The datahub-local-bootstrap repository provisions the cluster in two sequential playbooks:

flowchart LR
    Inv["inventory.yml\n(your nodes)"]

    Inv --> Site
    Inv --> Bootstrap

    Site["site.yml\nOS hardening\nK3s install\nkubeconfig"]
    Bootstrap["bootstrap.yml\nSealed Secrets controller\nArgoCD install\nArgoCD Applications seed"]
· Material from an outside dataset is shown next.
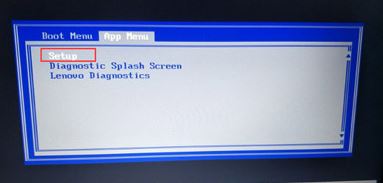 1、重啟筆記本按F12,按TAB鍵切換欄目到"App Menu",然后選擇"setup"進(jìn)入BIOS設(shè)置,或是看到lenovo或ThinkPad標(biāo)識(shí)后多次按Enter回車(chē),聽(tīng)到報(bào)警聲后等待下一畫(huà)面,然后按F1或Fn+ F1進(jìn)入BIOS主界面。如下圖所示:

    Site -->|"cluster Ready"| Bootstrap

Setup

  1. Clone the repository on your dev machine:

    git clone https://github.com/datahub-local/datahub-local-bootstrap
    cd datahub-local-bootstrap
    
  2. Create your inventory file from the sample:

    cp inventory-sample.yml inventory.yml
    
  3. Edit inventory.yml — define your nodes, roles, and connection details.

Run

  1. Ensure Python prerequisites are available on all nodes:

    ansible k3s_cluster -i inventory.yml -b -m shell \
      -a "apt-get update && apt-get install -y python3 python3-pip python3-apt"
    
  2. Provision the OS and install K3s:

    ansible-playbook playbook/site.yml -i inventory.yml
    
  3. Install ArgoCD and seed the initial Applications:

    ansible-playbook playbook/bootstrap.yml -i inventory.yml
    

After this phase completes, kubectl get nodes shows all nodes Ready and ArgoCD is running and watching its application repositories.


Phase 3 — ArgoCD GitOps

From this point ArgoCD takes over entirely. It reconciles three repositories in dependency order — no manual helm install or kubectl apply needed.

flowchart LR
    ArgoCD(["ArgoCD"])

    ArgoCD -->|"sync 1"| Secrets
    ArgoCD -->|"sync 2 — after secrets healthy"| Core
    ArgoCD -->|"sync 3 — after core healthy"| Workflows

    Secrets["datahub-local-secrets\n───────────────\nDB passwords\nAPI keys\nTLS certs\nOAuth credentials"]
    Core["datahub-local-core\n───────────────\nTraefik · cert-manager\nLonghorn · Prometheus\nLoki · Trino · Airflow\nRedpanda · Superset …"]
    Workflows["datahub-local-workflows\n───────────────\nn8n flows\nAirflow DAGs\nSQLMesh models"]
Stage Repository What it deploys
1 — Secrets datahub-local-secrets Sealed Secrets — credentials needed by all platform services
2 — Core datahub-local-core All platform services via Helmfile ApplicationSets
3 — Workflows datahub-local-workflows n8n flows, Airflow DAGs, SQLMesh models

Monitoring the rollout

# watch all ArgoCD applications
kubectl -n argocd get applications -w

# or via the ArgoCD UI (available after core sync)
https://argocd.<your-domain>

Useful Commands

# Reboot the entire cluster
ansible-playbook playbook/reboot.yml -i inventory.yml

# Graceful cluster shutdown
ansible-playbook playbook/shutdown.yml -i inventory.yml